Cyberfeminism Catalog Reading

Using an overhead camera and live projection, I would like to propose a demonstrative reading of the Cyberfeminism Catalog, a book that archives international, intersectional cyberfeminist activity from 1990–present. It includes a variety of content, including theoretical texts, hackerspaces, collectives, net art, digital rights groups, DIY teledildonics manuals, biohacktivism, data domination, and open source estrogen pioneers. Projects range from Bindi Girl (1990s net artwork about Indian American fetishization), Lower Body Poetry (1990s Taiwanese internet poetry group), Gynepunk (present-day Mexican biohacktivists that are self-proclaimed “cyborg witches of DIY gynecology”), and Assembly4 (present-day sex worker instance on Mastodon).

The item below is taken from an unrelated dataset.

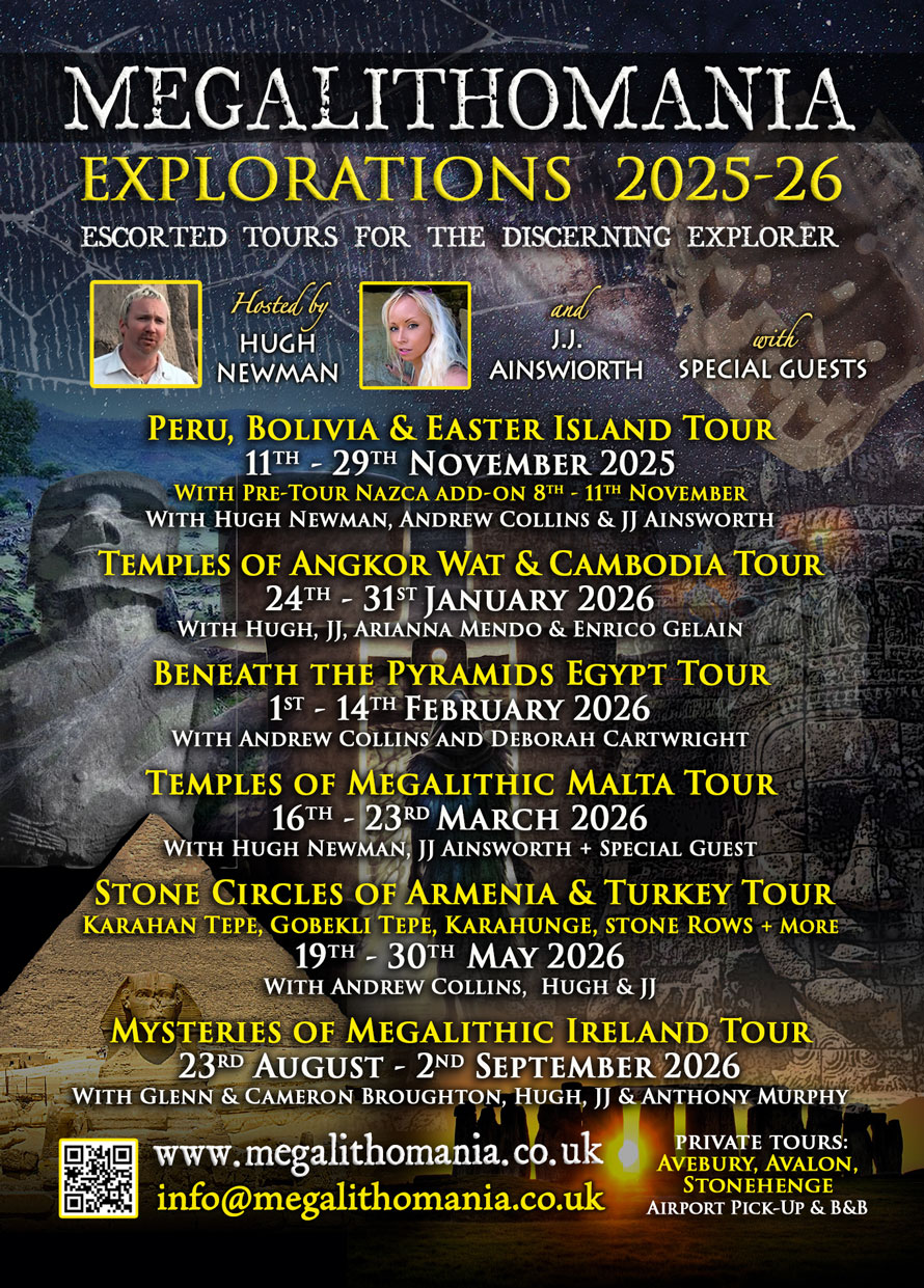 He has articles published in Atlantis Rising (US), New Dawn (Australia), Nexus (UK/AUS), Mindscape (UK), Heretic (UK), World Explorers Magazine (US), The Circular (UK), The Leyhunter (UK) and on websites such as www.ancient-origins.net, www.grahamhancock.com and www.academia.edu. He has a Bachelor of Arts Honours Degree (BA Hons) in Film and Journalism from London Guildhall University. He is also a registered drone pilot and has had his work featured on most of the shows listed above, as well as in Ancient Apocalypse (Netflix), Stonehenge: The Lost Circle (BBC) Megaliths: Forgotten World, and BAM: Builders of Ancient Mysteries. As well as founding (with John Martineau and Gareth Mills) the annual Megalithomania conference, he co-founded the Origins Conference with Andrew Collins, and has been leading popular worldwide tours since 2010. He has spoken at events in the UK, Australia, Malta, France, Peru, Egypt, Turkey, Spain, Cambodia, Java, South Africa and North America. He was awarded the Ancient Civilizations Researcher of the Year trophy at the 2024 4bidden Knowledge Conscious Awards in Miami, US. He is the co-discoverer of the winter solstice sunrise alignment at Karahan Tepe with JJ Ainsworth, and uncovered a forgotten Viracocha statue at Tiwanaku in Bolivia in 2018. He was also involved in the construction of a modern stone circle in Somerset in 2006. He currently lives in the Stonehenge landscape in Wiltshire, England and got engaged to JJ Ainsworth in September 2022.. He can be contacted at info@megalithomania.co.uk |

The catalog currently includes hundreds of entries listed in chronological order. Each entry includes at least one cross reference, mirroring early hypertext structures. This allows readers to jump around the book. For example, VNS Matrix’s “A Cyberfeminist Manifesto from the 21st Century” (1991) connects to Jenna Sutela’s “Orgs: From Slime Mold to Silicon Valley” (2017) then “Courageous Cunts” (2012). The overhead camera will project a live feed of the book on top of a table as I flip through, reading entries, demonstrating the cross-referencing structure, and introducing the breadth of what cyberfeminism has come to include in the past three decades.